At the level of just satisfaction under Article 41 ECHR, the Court needs to reconcile the idea of collective enforcement of human rights on the one hand, and the quest for individual justice on the other. How to serve both will continue to be subject of different opinions. It might therefore be worthwhile to distinguish the Court’s mandate to establish general violations in inter-State case from providing remedies in individual cases. In the situation of an overlap of such proceedings, the inter-State application may serve as a sort of pilot judgment establishing the framework for pending related individual cases, also with regard to just satisfaction. Alternatively, one could also consider whether the Court, in its judgment on an inter-State-application, could not at the same time decide on the compensation to be granted to all victims of the underlying systemic violations of the Convention that it considers to have occurred, regardless of whether the individuals concerned have simultaneously filed individual applications or not.
As was elaborated by Helen Keller and Réka Piskóty, as well as Nicola Wenzel and Laurence Burgorgue-Larsen, there might also be the potential of enlarging the remedial toolbox of the Court in the context of friendly settlements.
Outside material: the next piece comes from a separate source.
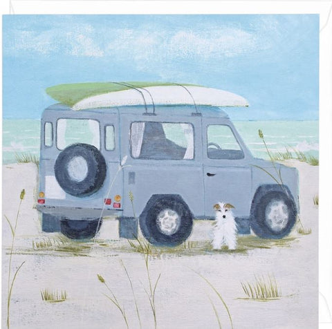 "Big Adventures" greeting card - a happy dog by a Land Rover bearing surf-boards -blank inside for your own message. Measures 158 x 158 mm - comes with white envelope.

Finally, in recent times, one may discern the practice of “counter-inter-State applications”. It will thus be necessary to consider how the Court ought to deal with this new phenomenon, both procedurally and substantively, and whether it would not be advisable to provide for the possibility of bringing ECHR-based counterclaims, a possibility which is so far not foreseen neither in the Convention as such, nor in the Rules of Court.
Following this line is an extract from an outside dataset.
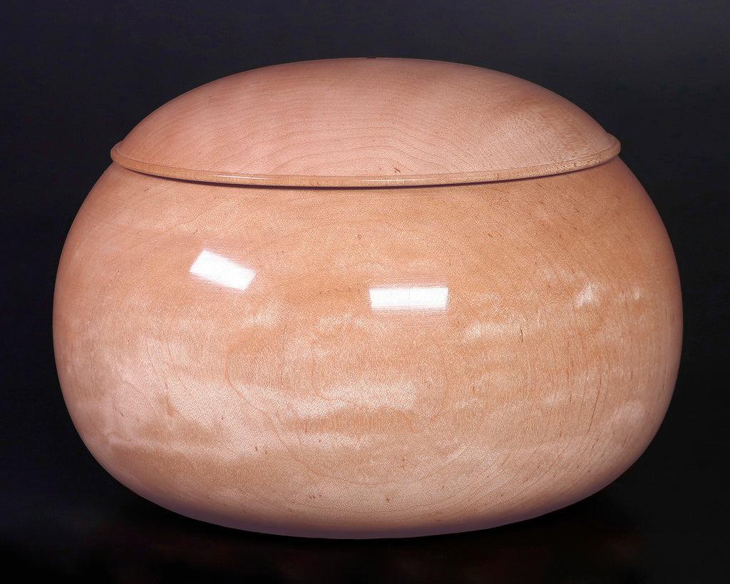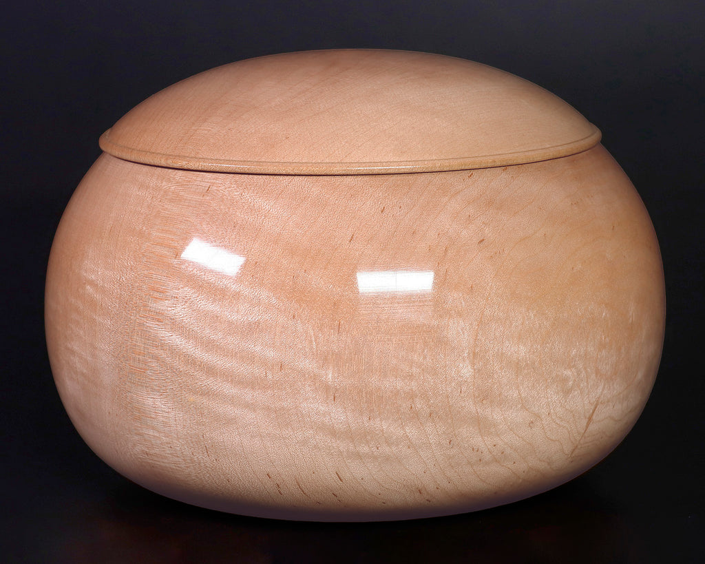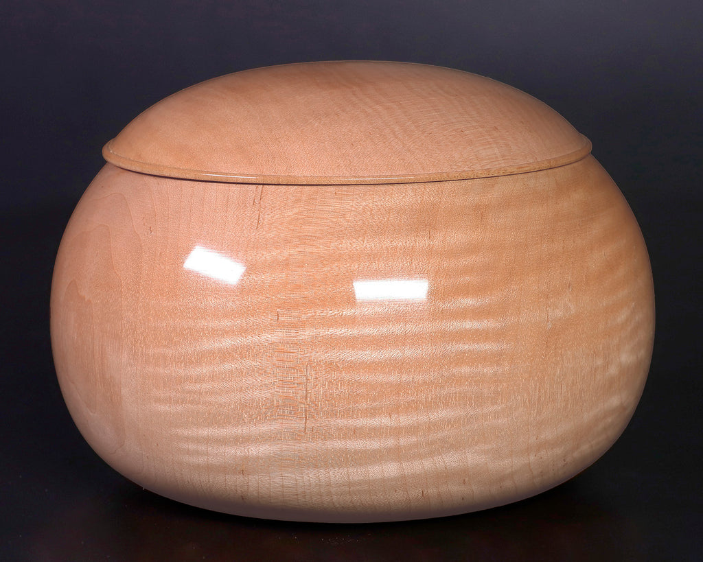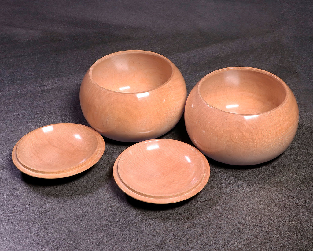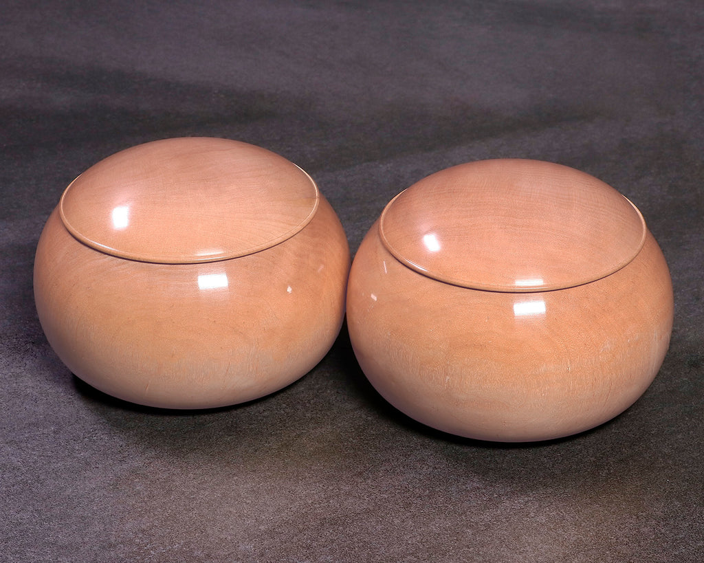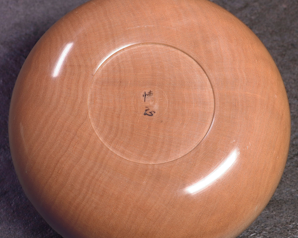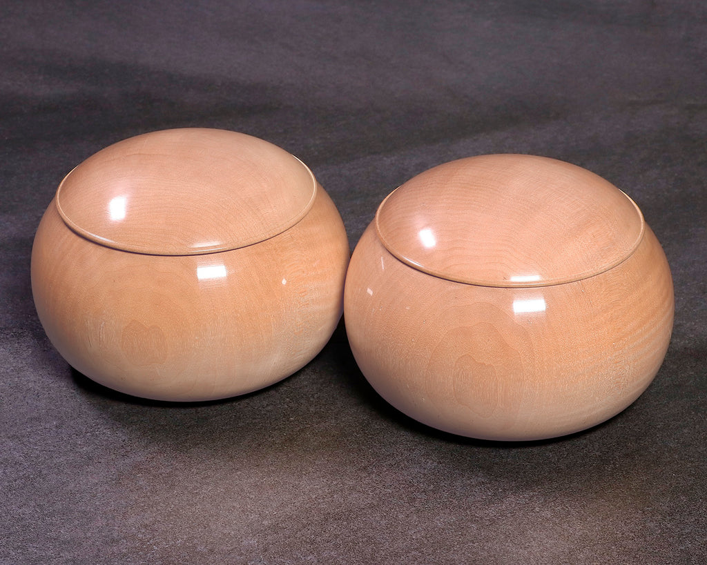 木工挽物職人 懐志製作の「楓(かえで)」碁笥 特大 杢入り ~40号碁石用 *訳有品です。「楓」製の碁笥は、市場にはほとんど流通していない碁笥としては珍しい品です。「楓」碁笥の木色は、画像の通り全体的に淡く薄黄白色の美しい白さで、ところどころに特有の絹のようなさざ波模様の光沢(リップルマーク)が入っています。碁笥としては比較的軽量で、木質は柔らかく木目が細かく緻密です。明るく白味掛かった透明感のある木色と柔らかい木目が、ナチュラルな風合いを感じさせる碁笥です。*現品限りです。器側面に「杢(もく)」が入った美しい碁笥です。*底面に「懐志」焼き印入り。*両方の焼き印不良のため、訳有品価格での販売です。*画像をご確認ください。*40号の碁石まで入ります。◎「懐志」の碁笥製作の動画をご覧いただけます。*動画(日本語版、英語版)は、画像一覧にございます。ぜひ、ご覧ください。

Overall, one cannot but conclude by paraphrasing and adapting the famous dilemma spelled out by Ernst-Wolfgang Böckenförde that the European Court of Human Rights operates by prerequisites which it cannot guarantee itself. In the absence of, or, in an evolving process of erosion of, a rule-based framework respected and internalized by all, or at least the overwhelming majority of the member States of the Council of Europe, expectations towards the Court, which depends on the support by the member States of the Council of Europe, should thus be managed carefully.
Or to put it differently, borrowing from Bruno Simma’s figurative expression: the very same foxes that guard the chickens are also called upon to keep an eye on the other foxes. This is what the inter-State application under the ECHR is all about, and this is also a central aim of the parent organization, the Council of Europe, as evidenced in Article 3 of its Statute. Indeed, it is first and foremost the responsibility of the member States of the Council of Europe, as the ‘foxes’ called upon to keep an eye on their ‘fellow foxes’, to collectively guarantee the rights contained in the Convention.
At this point, we wish to thank Justine Batura, Raffaela Kunz and the whole Völkerrechtsblog-team, who supported this Symposium with enthusiasm, advice nurtured by experience, and good ideas on all levels.